Supplied data –

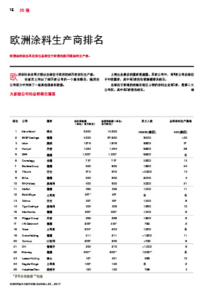 歐洲涂料雜志再次排出總部位于歐洲的前25家涂料生產商
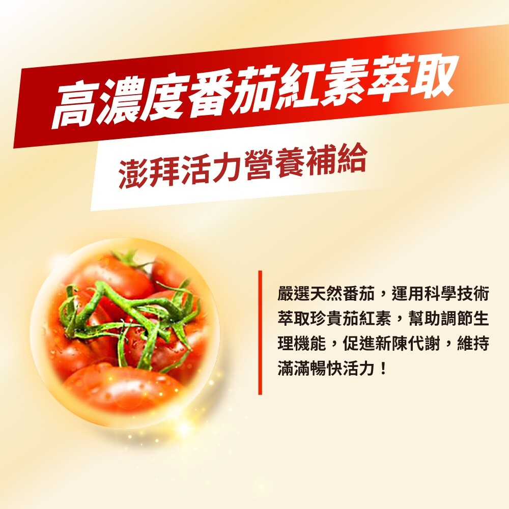 成分說明:番茄萃取物[辛烯基丁酸鈉澱粉、蔗糖、水、番茄紅素、抗壞血酸(抗氧化劑)、生育醇(抗氧化劑)]、南瓜籽取物(南瓜籽萃取物、麥芽糊精)、微結晶狀a-纖維素、葡萄糖酸鋅、白鳳豆萃取物(麥芽糊精、白鳳豆萃取物)硬脂酸鎂、二氧化矽。
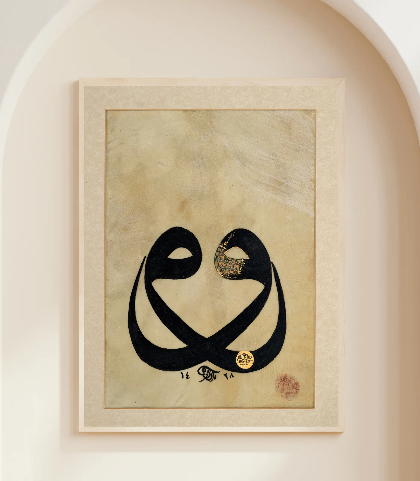 The calligraphy in this artwork is Double Waw. Calligraphers, especially in Ottoman Era, especially attached great importance to the double way. In the written Double waw is an ornamental art developed by Ottoman calligraphers in the 17th century. In the Abjad calculation, waw is the equivalent of the number 6. Double ‘waw’ means 66, which correspondes to the name of Allah in Abjad.
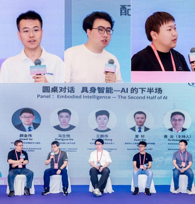 在本场论坛中,围绕“具身智能:AI的下半场”主题还进行了一场圆桌对话。在 Roboraction.AI CEO黄浴的主持下,本场圆桌对话汇聚了NVIDIA资深研究员兼技术小组长顾金伟、宇树科技机器人技术总监马生悦、BAAI 具身智能大模型负责人王鹏伟,以及深圳市人工智能与机器人研究院副研究员夏轩,他们从算法到硬件、从模型到场景,共同探讨了具身智能的发展机遇与技术挑战。
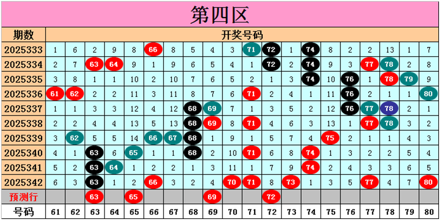目前第四区包含11个热码:重码7个63、66、70、71、73、77、80,邻码3个64、65、74,孤码1个68;包含7个温码:邻码6个61、62、67、69、76、78,孤码1个75;包含2个冷码:邻码2个72、79,孤码0个;号码冷温热个数比为2:7:11,重号、邻码、孤码个数比为7:11:2。
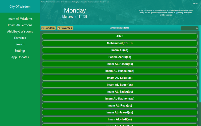 * قسم الحكم والأقوال ويحتوي على أكثر من 23 ألف حِكمة وحديث للنبي محمد وأهل بيته الطاهرين صلى الله عليه وعليهم أجمعين.
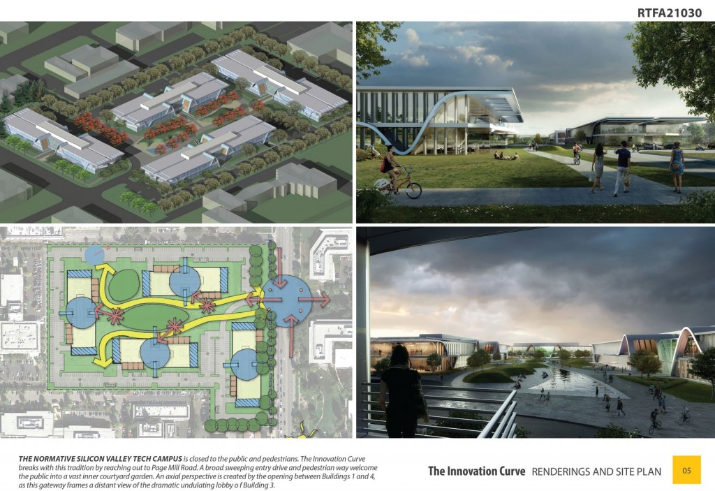 The Innovation Curve is a proposal for a new workplace that is flexible, open and uses a dominant design element to celebrate the innovation process that is so often associated with its geographical location of Silicon Valley. The proposed project rises on a hotspot in the golden geography of the bits economy. Located on the edge of Stanford Research Park, the site sits directly across the street from the Hewlett Packard Headquarters. The two existing buildings were deemed inimical to future growth for the sought-after tenants, these obsolete structures are slated for demolition. But their previous occupants are just as legendary as their immediate neighbors: the two bars housed the most recent headquarters of the giant company Facebook.
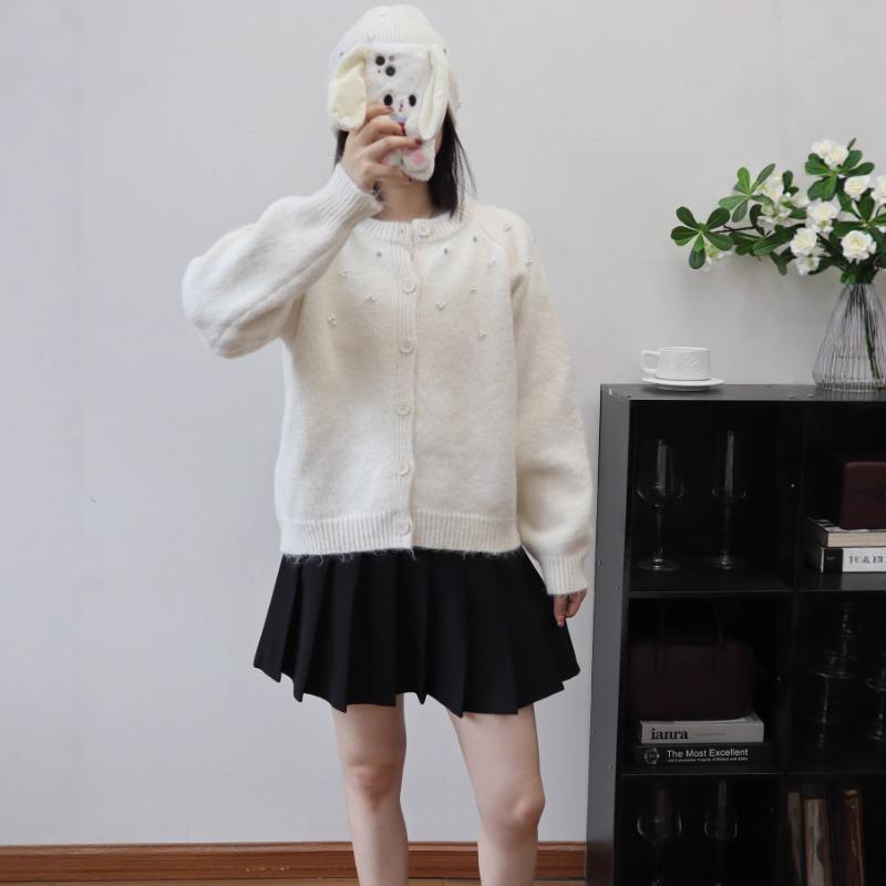 Heavy Industry Bead Design Sense Hat Knitted Cardigan Autumn and Winter New Gentle Wind Loose Sweater Jacket Women

Exercise details –
Every record is to be repeated exactly, and no picture is carried over.

Response area –
 歐洲涂料雜志再次排出總部位于歐洲的前25家涂料生產商
 成分說明:番茄萃取物[辛烯基丁酸鈉澱粉、蔗糖、水、番茄紅素、抗壞血酸(抗氧化劑)、生育醇(抗氧化劑)]、南瓜籽取物(南瓜籽萃取物、麥芽糊精)、微結晶狀a-纖維素、葡萄糖酸鋅、白鳳豆萃取物(麥芽糊精、白鳳豆萃取物)硬脂酸鎂、二氧化矽。
 The calligraphy in this artwork is Double Waw. Calligraphers, especially in Ottoman Era, especially attached great importance to the double way. In the written Double waw is an ornamental art developed by Ottoman calligraphers in the 17th century. In the Abjad calculation, waw is the equivalent of the number 6. Double ‘waw’ means 66, which correspondes to the name of Allah in Abjad.
 在本场论坛中,围绕“具身智能:AI的下半场”主题还进行了一场圆桌对话。在 Roboraction.AI CEO黄浴的主持下,本场圆桌对话汇聚了NVIDIA资深研究员兼技术小组长顾金伟、宇树科技机器人技术总监马生悦、BAAI 具身智能大模型负责人王鹏伟,以及深圳市人工智能与机器人研究院副研究员夏轩,他们从算法到硬件、从模型到场景,共同探讨了具身智能的发展机遇与技术挑战。
目前第四区包含11个热码:重码7个63、66、70、71、73、77、80,邻码3个64、65、74,孤码1个68;包含7个温码:邻码6个61、62、67、69、76、78,孤码1个75;包含2个冷码:邻码2个72、79,孤码0个;号码冷温热个数比为2:7:11,重号、邻码、孤码个数比为7:11:2。
 * قسم الحكم والأقوال ويحتوي على أكثر من 23 ألف حِكمة وحديث للنبي محمد وأهل بيته الطاهرين صلى الله عليه وعليهم أجمعين.
 The Innovation Curve is a proposal for a new workplace that is flexible, open and uses a dominant design element to celebrate the innovation process that is so often associated with its geographical location of Silicon Valley. The proposed project rises on a hotspot in the golden geography of the bits economy. Located on the edge of Stanford Research Park, the site sits directly across the street from the Hewlett Packard Headquarters. The two existing buildings were deemed inimical to future growth for the sought-after tenants, these obsolete structures are slated for demolition. But their previous occupants are just as legendary as their immediate neighbors: the two bars housed the most recent headquarters of the giant company Facebook.
 Heavy Industry Bead Design Sense Hat Knitted Cardigan Autumn and Winter New Gentle Wind Loose Sweater Jacket Women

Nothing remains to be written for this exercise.